How GitGrid works.
Connect GitHub, your verified contributions become a sybil-resistant grid score, seasonal leaderboards rank devs, and the top grids split the $GITGRID pool on Base. Here's every moving part.
Overview
The GitHub contribution graph is the most recognizable image in software. GitGrid turns it into a game. You connect GitHub and a Base wallet; your verified contribution activity becomes your grid score (“grid”). Seasonal leaderboards rank devs by grid, and top grids split a $GITGRID reward pool.
Honest framing: the value here is the narrative and the meme, not deep utility — and that's the point. It's a tight first launch and a beachhead for sister concepts. The token stays dumb; all game logic lives off-chain so scoring can iterate without redeploying contracts.
- $GITGRID
- Base L2
- prove your grid
- commit · rank · earn
The game loop
Five steps, one grind:
- 1 · Sync — pull your contribution calendar + repo metadata from GitHub's GraphQL + REST APIs for the active season window.
- 2 · Score — compute a sybil-resistant grid score. Daily activity maintains a streak.
- 3 · Rank — global + seasonal leaderboards, recomputed on a cron (every ~15 min) and cached in Redis.
- 4 · Reward — at season close, top grids claim $GITGRID through a Merkle distributor on Base.
- 5 · Flex — mint your grid as an NFT snapshot, the shareable artifact that pulls the next dev in.
Grid score
Raw commit count is trivially farmable, so the score rewards real work. The MVP formula weights contributions by repo reputation, then caps by account age and multiplies by a streak bonus:
gridScore =
( Σ commit · repoWeight
+ Σ pr · repoWeight · prToOthersBonus
+ reviews · reviewWeight )
× accountAgeFactor
× streakBonusrepoWeight grows with a repo's stars (logarithmically) and craters for the things farmers abuse:
- forks → near-zero weight
- brand-new repos (< 30 days) → heavily penalized
- private repos → discounted (can't be verified publicly)
- your own 0-star repos → clamped to a spam floor, regardless of commit volume
accountAgeFactor ramps from a floor up to full credit at ~90 days, capping week-old accounts. streakBonus rewards consecutive-day activity up to a cap. Every weight lives in a tunable ScoringConfig so the rules tighten season over season without touching the formula.
Anti-sybil — the grid never lies
Treat scoring as adversarial from day one — it's the difference between “fun” and “farmed to zero in 48h.” The quality signals come straight from GitHub:
- Contribution calendar — the green-squares daily counts.
- Repo reputation — stars, forks, and age of the repos commits land in.
- PRs into others' repos — merged PRs to repos you don't own count heavily; they're hard to fake.
- Account age — caps the score of fresh accounts.
The result: a bot with 12,400 raw commits across 50 fresh 0-star repos scores a 41, while a real dev with merged PRs into popular repos scores 1,842. More commits, lower score.
Seasons & rewards
A season is a fixed time window with a $GITGRID pool.
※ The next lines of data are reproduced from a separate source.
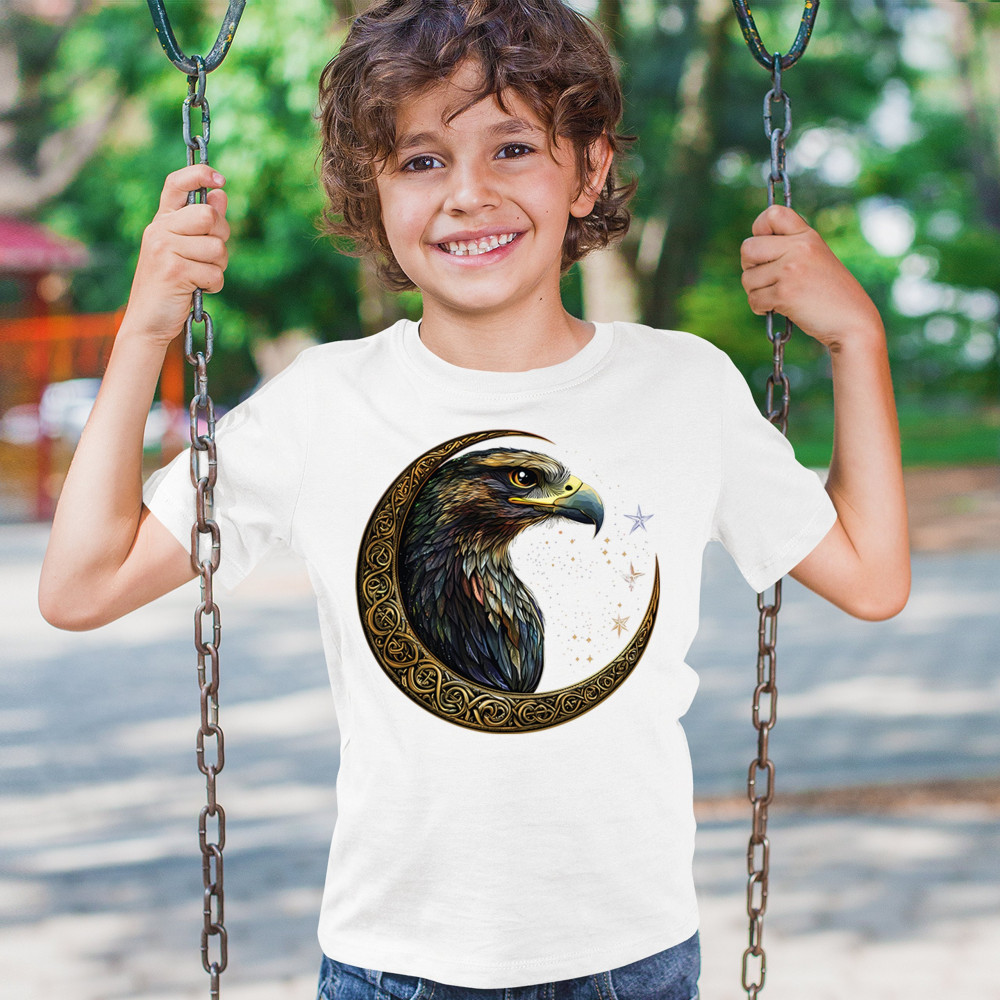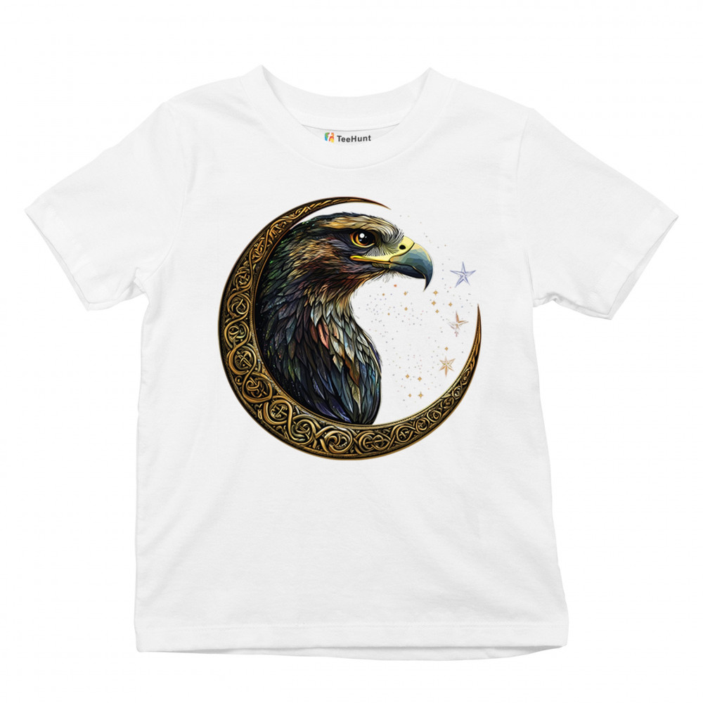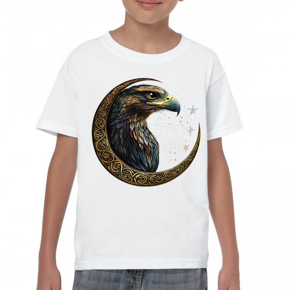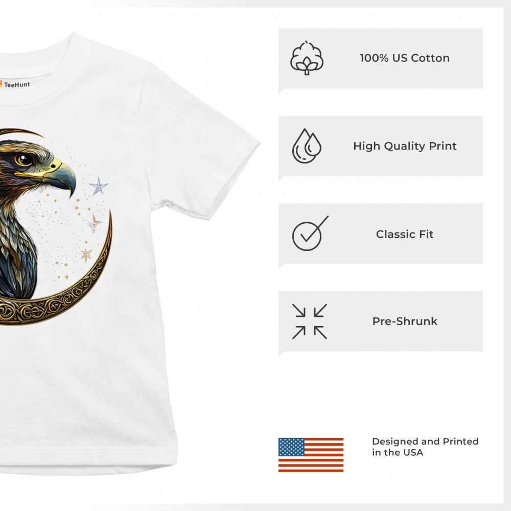 A beautifully detailed eagle with vibrant feathers is framed by a golden Celtic crescent moon and surrounded by a starry cosmic sky. This striking design represents freedom, spiritual power, and the mystery of the skies. Perfect for patriots, bird lovers, and those who connect with nature, tribal symbolism, and celestial art.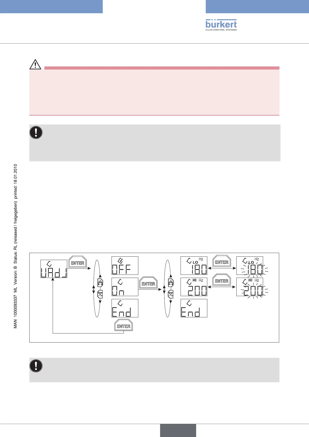 Im Menü VAdJ können die beiden mit der Auswahl des Ventiltyps festgelegten Frequenzen innerhalb bestimmter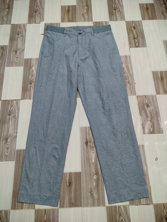 Eo 80>86 Uniqlo công sở bo đầm eo , xám ghi cotton co giãn ít chất vải đời mới xịn chất

Scores accrue during the window; a cron job recomputes ranks continuously. At endsAt the worker finalizes the season:
- 1 — freeze scores and assign final ranks
- 2 — allocate the pool across the top N grids, proportional to grid score, in exact integer wei (no dust lost)
- 3 — open the next season automatically (idempotent)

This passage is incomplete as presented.